Make a box plot that shows the Shannon diversity for each sex grouped by the subjects’ diagnosis. Make the same plot, but group by diagnosis. Which is better? When would you want to group by sex? By diagnosis?

Activity 4

Our box plots have only had color on the rectangle, median line, whiskers, and outliers.
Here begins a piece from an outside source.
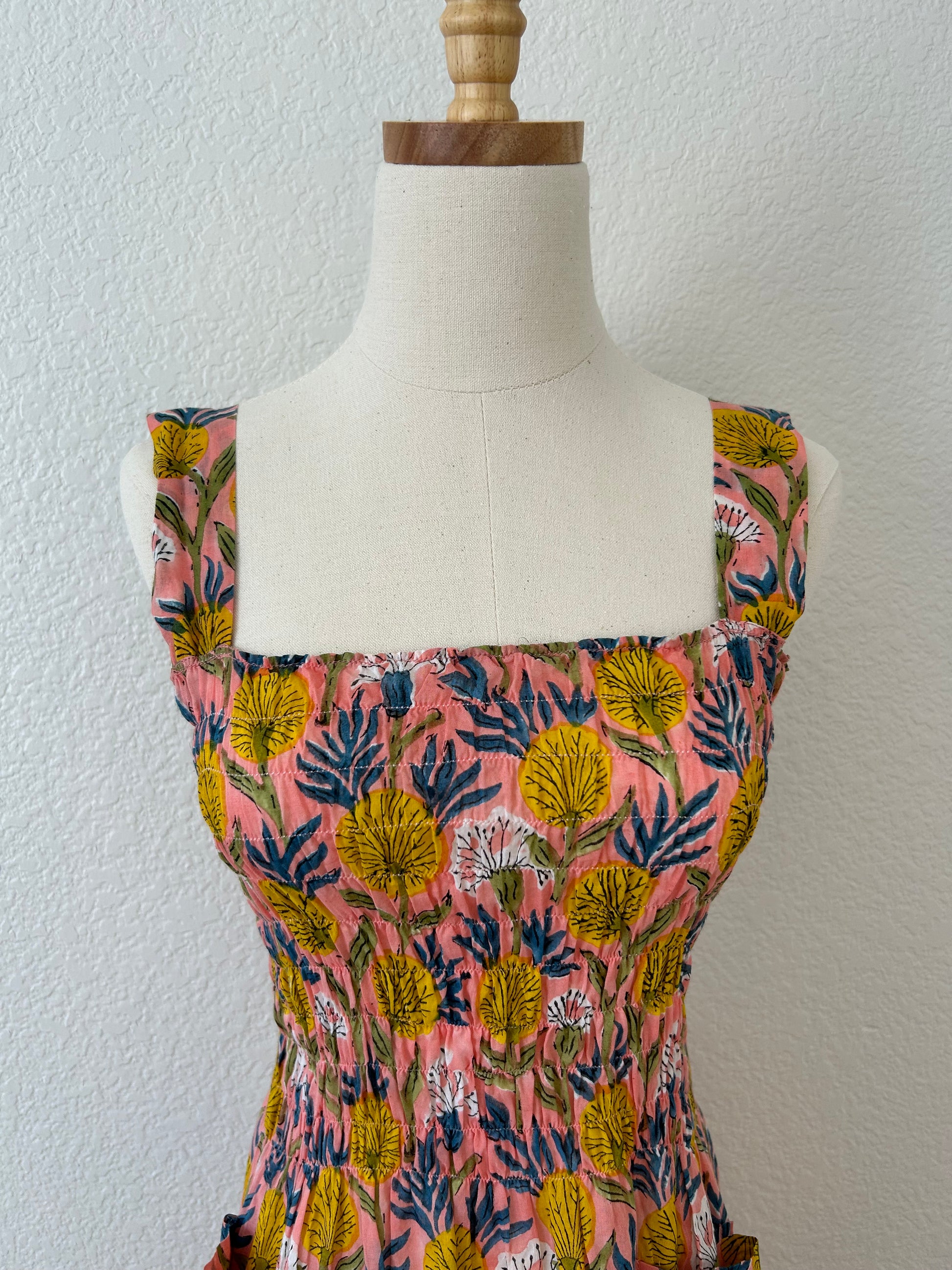 This beautiful sleeveless midi sundress by Shade Amour features a pink and yellow floral print. It has a stretchy gathered bust and a free-flowing skirt, making it both flattering and comfortable.

Generate a box plot for the relationship between the patients’ Shannon diversity and their diagnosis. Add a complimentary fill color that allows you to still see the cardinal values of the box plot.

Violin plots

In the last box plot example, we plotted the data points on top of the box plot. This is pretty cluttered and ugly. An alternative is the violin plot, where the position along the left axis indicates the density of values at that position on the y-axis. You can create violin plots very much in the same way as strip carts and box plots using the geom_violin

ggplot(meta_alpha, aes(x=diagnosis, y=fit_result, fill=diagnosis)) +
	geom_violin() +
	scale_fill_manual(name=NULL,
		values=c("black", "blue", "red"),
		breaks=c("normal", "adenoma", "cancer"),
		labels=c("Normal", "Adenoma", "Cancer")) +
	scale_x_discrete(limits=c("normal", "adenoma", "cancer"),
		labels=c("Normal", "Adenoma", "Cancer")) +
	labs(title="Relationship between FIT result and subject's diagnosis",
		x=NULL,
		y="FIT Result") +
	theme_classic()

plot of chunk unnamed-chunk-16

Activity 5

In the previous violin plot we created the outline color to the violins was black. Can you get the outline color to match that of the fill color?

Activity 6

Create a violin plot comparing diversity across diagnosis groups and sex

Activity 7

A new variant of the types of plots discussed in this lesson is the ridgeline plot (aka “joy plot”). Install the ggridges package and see if you can figure out how to build a ridgeline plot of Shannon diversity values for the three diagnosis groups.

Activity 8

Generate a box plot clustering Shannon diversity data by diagnosis and then sex. Have the strips for males go before the females. Why didn’t we have to worry about factors before with the sex variable?

Activity 9

In this lesson we have discussed bar, strip, box, violin, and ridgeline plots. List strengths and weaknesses of each.

Activity 10

Read the PLOS Biology paper by Weissgerber et al. (2015). Do you find their arguments and data compelling? Take a bar plot that was recently published by your research group and redraw it to comply with the recommendations of Weissgerber et al. If you are up for it, see if you can use the code from this lesson to represent it using each of the methods that we covered.